Prinzipien werden durch Sätze ausgedrückt. Sie sind mit anderen Worten die Bedeutung von
(allgemeinen) Sätzen bzw. die mit solchen Sätzen verbundenen komplexen Ideen. Folglich
müssen auch sie strukturiert sein. D.h., sie müssen zumindest aus zwei Ideen, einer
partikulären und einer allgemeinen, zusammengesetzt sein.
3. Kap.: Weitere Betrachtungen über angeborene Prinzipien
Hauptthese Locke: Allgemeinste Prinzipien sind nicht angeboren, sondern erworben.
P1: Ein Prinzip kann nicht angeboren sein, wenn die Ideen, aus denen das Prinzip
zusammengesetzt ist, nicht angeboren sind.
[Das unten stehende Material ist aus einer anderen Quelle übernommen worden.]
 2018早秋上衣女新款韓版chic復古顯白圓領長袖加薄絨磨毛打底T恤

P2: Bei neugeborenen Kindern zeigt sich „nicht die geringste Spur von tief eingewurzelten
Ideen, insbesondere nicht von Ideen, die den Ausdrücken entsprächen, aus welchen die als
angeborene Prinzipien betrachteten allgemeinen Sätze gebildet sind.“ (S. 80/81, seine
Hervorhebung)
K1: Der Geist von Kindern enthält keine angeborenen Prinzipien.
ABER:
P3: „Man kann wahrnehmen, wie später allmählich Ideen in ihren Geist gelangen und dass sie
weder mehr noch andere Ideen erwerben, als die, mit denen die Erfahrung und die
Beobachtung der ihnen begegnenden Dinge sie ausstatten.“ (S. 81, meine H.)
P4: Wenn alle Ideen aus der Erfahrung stammen bzw. erworben sind, dann sind auch
allgemeinste Prinzipien erworben.
K: Alle Ideen, seien sie einfach oder zusammengesetzt, sind erworben/ stammen aus der
Erfahrung.
Argumente für P2 anhand der Ideen von der Identität, von Gott und von der Substanz.
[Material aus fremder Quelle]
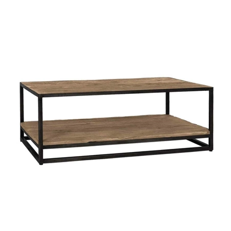 Stolik kawowy RAFFLES powstał w duchu less waste, wykorzystując drewno z odzysku.Rama stolika została wykonana ze stali nierdzewnej w kolorze czarnym.Wzmocniono ją stopkami, które chronią powierzchnię podłogi przed zarysowaniem.Blat oraz praktyczną półeczkę wykonano z grubo ciosanego wiązu.Mebel w takiej formie najlepiej odnajdzie się w przestronnych industrialnych wnętrzach.Wymiary: wys. 47 cm / szer. 130 cm / gł. 81 cmWaga netto: 52,5 kgSposób wysyłki: paleta.

P5: Wenn der Begriff der Identität angeboren wäre, müsste die Frage nach der Identität von
Personen leicht zu beantworten sein.
P6: Selbst für Leute die sich von Berufs wegen mit dieser Frage beschäftigen (z.B. für
Philosophen) ist dies eine äußerst schwierige Frage und auf der Suche nach einer Antwort
zeigt sich überdies, dass die Idee selbst nicht einmal klar und bestimmt ist.
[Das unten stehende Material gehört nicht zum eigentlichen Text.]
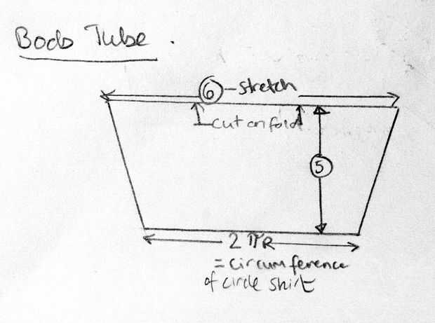 Su tonta pieza debe ser una forma de "TRAPECIO". En primer lugar, procede la medida de longitud (6).-esta medida será necesario alterar para el estiramiento, pero sólo por unos pocos centímetros. Dividir su medida boob por medio va a terminar en apretujados pechos (esto me pasó la primera vez que he probado!). Ser generosos para evitar este problema. Si el tubo termina siendo demasiado flojo, se puede fácilmente tomar la costura posterior que haremos más adelante...

K: Die Idee von der Identität ist nicht angeboren. (S. 82/83)
P7: Wenn der Begriff Gottes angeboren wäre, müssten alle Menschen über einen klaren und
bestimmten Begriff von Gott verfügen.
P8: Es gibt ganze Völker, die keinen Gottesbegriff haben und selbst bei Menschen aus
Kulturen, in denen dieser Begriff eine mehr oder weniger wichtige Rolle spielt, zeigt sich,
dass dieser Begriff häufig unklar ist.
K: Die Idee von Gott ist nicht angeboren. (S. 84-86)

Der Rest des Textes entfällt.